Good morning,
I am writting from IT Services from Universidad de Navarra. We have recently upgraded our openldap servers from openldap 2.4.34 with BDB 5.3.21 to openldap 2.4.44 with MDB databases.
We have got configured replication from the master server [1] to some slave servers [2] (syncrepl refreshAndPersist), and it is working ok.
Usually, when a change is made on master server, I can see how it is propagated and applied on the slave server. Using Auditlog Overlay I can see on the slave server:
# modify 1470723918 dc=base,dc=com cn=Admin,dc=base,dc=com conn=-1 dn: ... changetype: modify replace: [..] # end modify 1470723918
And just after that, the contextCSN gets updated too:
# modify 1470723918 dc=base,dc=com cn=Admin,dc=base,dc=com conn=-1 dn: dc=base,dc=com changetype: modify replace: contextCSN contextCSN: 20160809062518.877725Z#000000#000#000000 - # end modify 1470723918
Is this the normal behaviour?
I do not see the contextCSN update on the accesslog database on the master server, nor on his Auditlog. So I do not know if contextCSN has been replicated from the master server, or the slave database is updating it.
But I am seeing some weird things from time to time: sometimes, somehow, the contextCSN attribute does not get updated after the modification. Checking its value in the master server, I can see that it has been updated correctly, but not on the slave server.
The strange thing is that it happens just like once every tens of changes.
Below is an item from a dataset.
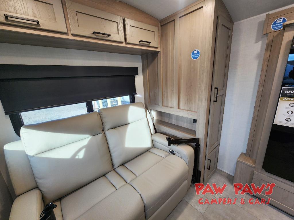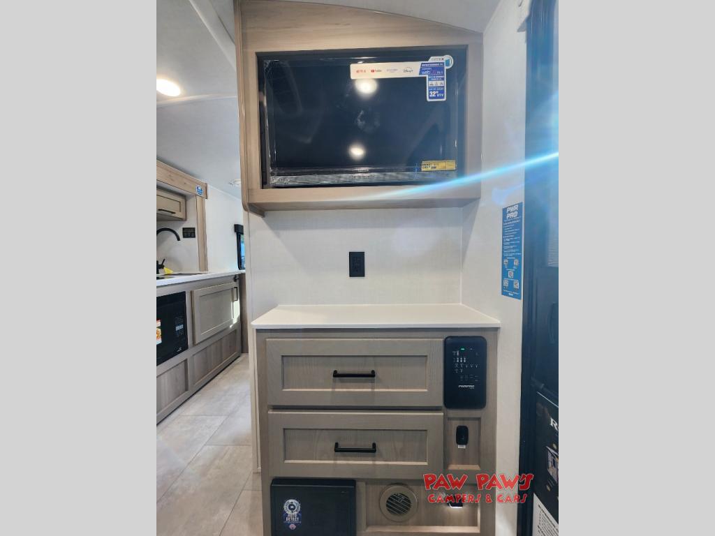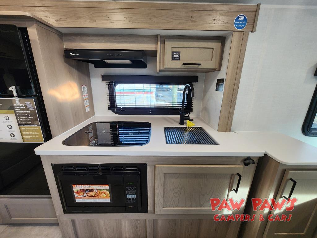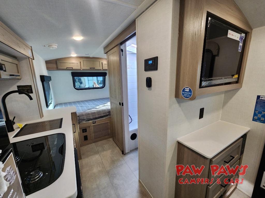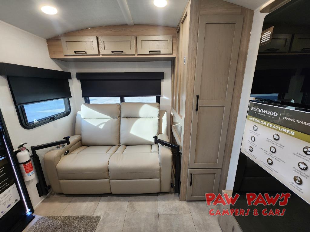 Start having unforgettable adventures with this amazing travel trailer! The queen-sized bed is the perfect spot to unwind and recharge after a day of exploring, offering a restful sleeping space that's sure to leave you feeling refreshed. The full bathroom has everything you need to refresh and rejuvenate in private. In the kitchen-living room combined area, you will find a three-burner cooktop for gourmet meals, a convection microwave for quick and easy cooking, and a spacious fridge to keep your ingredients fresh, plus overhead cabinets and a pantry/closet provide ample storage for cookware, dishes, and food. In addition, you can have endless evenings of amusement in the theater seat, which is the perfect spot to relax and enjoy your favorite shows or movies on the TV. On the outside, the exterior awning provides a shaded spot to enjoy the outdoors, while the pass-through storage offers plenty of room for gear, luggage, and equipment.

Could it be some kind of bad configuration??
On the previous openldap version, we were checking contextCSN value on master and slave servers in order to check the replication status. But right now, although replication is working ok, sometimes the contextCSN does not get updated on the slave sever, so we can not use it in order to check the replication status.
Thank you so much for your help.
Regards,
[1] Master: * Accesslog Database:
database mdb maxsize 1073741824 suffix cn=log directory /../openldap/var/accesslog rootdn "cn=Admin,dc=base,dc=com" index objectClass eq index entryCSN eq index reqEnd eq index reqResult eq index reqStart eq index reqDN eq index default eq
overlay syncprov syncprov-reloadhint true syncprov-nopresent true
* Main Database overlays:
overlay syncprov syncprov-checkpoint 1000 60
overlay accesslog logdb cn=log logops writes logsuccess true logpurge 14+00:00 01+00:00
[2] Slave:
syncrepl rid=1 provider="ldap://ldap-master.base.com:389/" type=refreshAndPersist retry="60 10 300 +" searchbase="dc=base,dc=com" logbase="cn=log" syncdata=accesslog logfilter="(&(objectClass=auditWriteObject)(reqResult=0))" scope=sub schemachecking=off binddn=...
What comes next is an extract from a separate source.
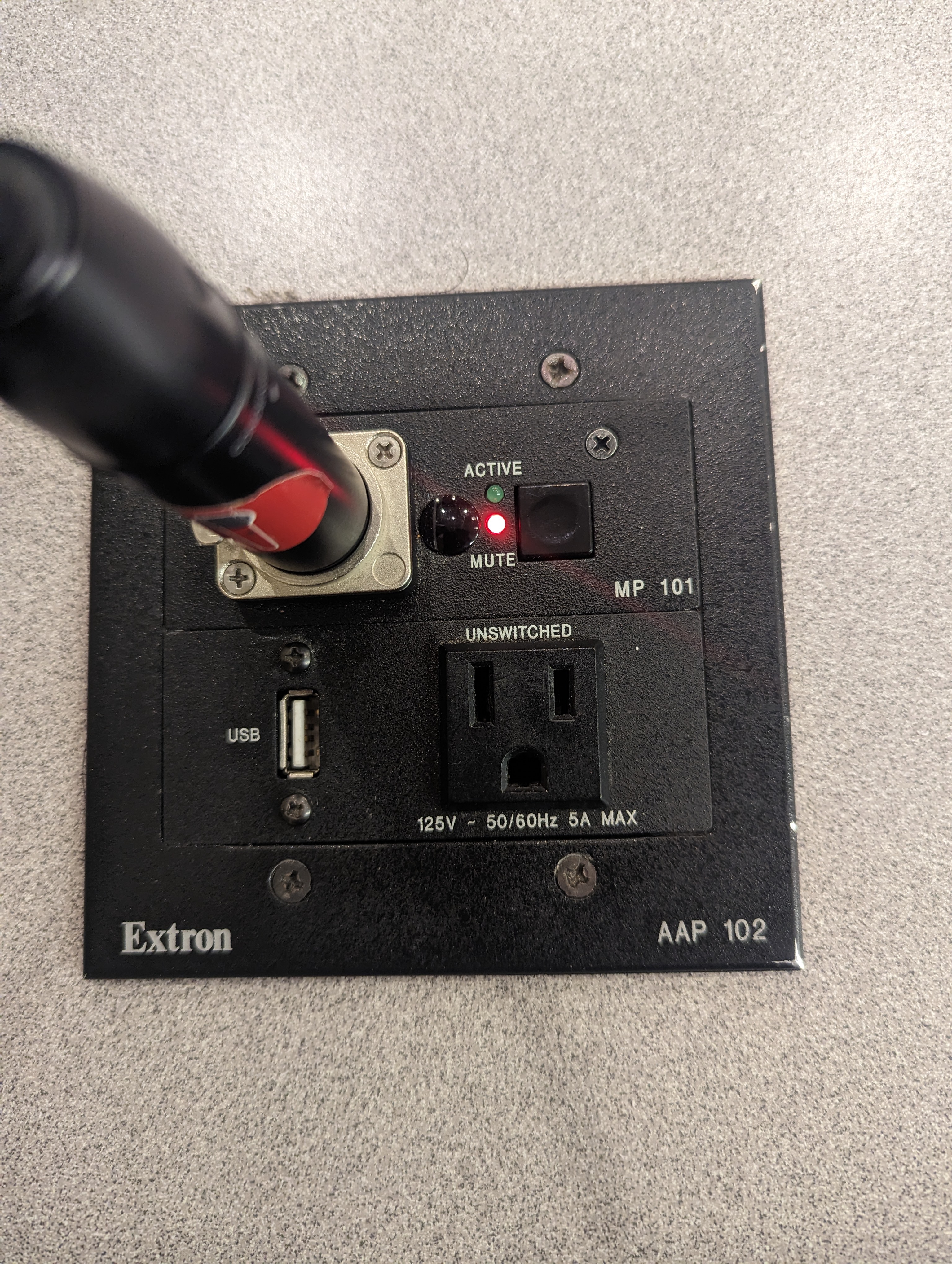 Press the MUTE button at the base of the Gooseneck Mic to enable and disable the mic

*Oscar Remírez de Ganuza Satrústegui* IT Services Universidad de Navarra Tel. +34 948425600 x803130 http://www.unav.edu/web/it/
Óscar Remírez de Ganuza Satrústegui wrote:
But I am seeing some weird things from time to time: sometimes, somehow, the contextCSN attribute does not get updated after the modification. Checking its value in the master server, I can see that it has been updated correctly, but not on the slave server.
My monitor checks are also sometimes flapping. contextCSN values differ but the modifications were correctly replicated. Also happened with LTB builds of OpenLDAP 2.4.44 and back-mdb but also prior versions.
Ciao, Michael.
--On Tuesday, August 09, 2016 11:43 PM +0200 Michael Ströder michael@stroeder.com wrote:
Óscar Remírez de Ganuza Satrústegui wrote:
But I am seeing some weird things from time to time: sometimes, somehow, the contextCSN attribute does not get updated after the modification. Checking its value in the master server, I can see that it has been updated correctly, but not on the slave server.
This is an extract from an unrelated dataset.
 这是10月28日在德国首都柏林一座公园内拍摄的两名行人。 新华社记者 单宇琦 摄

My monitor checks are also sometimes flapping. contextCSN values differ but the modifications were correctly replicated. Also happened with LTB builds of OpenLDAP 2.4.44 and back-mdb but also prior versions.
Didn't we have a discussion about why one should run the syncprov overlay on all nodes a while back?
--quanah
--
Quanah Gibson-Mount Platform Architect Manager, Systems Team Zimbra, Inc. -------------------- Zimbra :: the leader in open source messaging and collaboration A division of Synacor, Inc
Quanah Gibson-Mount wrote:
--On Tuesday, August 09, 2016 11:43 PM +0200 Michael Ströder michael@stroeder.com wrote:
Óscar Remírez de Ganuza Satrústegui wrote:
But I am seeing some weird things from time to time: sometimes, somehow, the contextCSN attribute does not get updated after the modification. Checking its value in the master server, I can see that it has been updated correctly, but not on the slave server.
My monitor checks are also sometimes flapping. contextCSN values differ but the modifications were correctly replicated. Also happened with LTB builds of OpenLDAP 2.4.44 and back-mdb but also prior versions.
Didn't we have a discussion about why one should run the syncprov overlay on all nodes a while back?
Yes, and since then it is enabled on all replicas. Still this issue happens.
Ciao, Michael.
--On Wednesday, August 10, 2016 12:45 AM +0200 Michael Ströder michael@stroeder.com wrote:
Didn't we have a discussion about why one should run the syncprov overlay on all nodes a while back?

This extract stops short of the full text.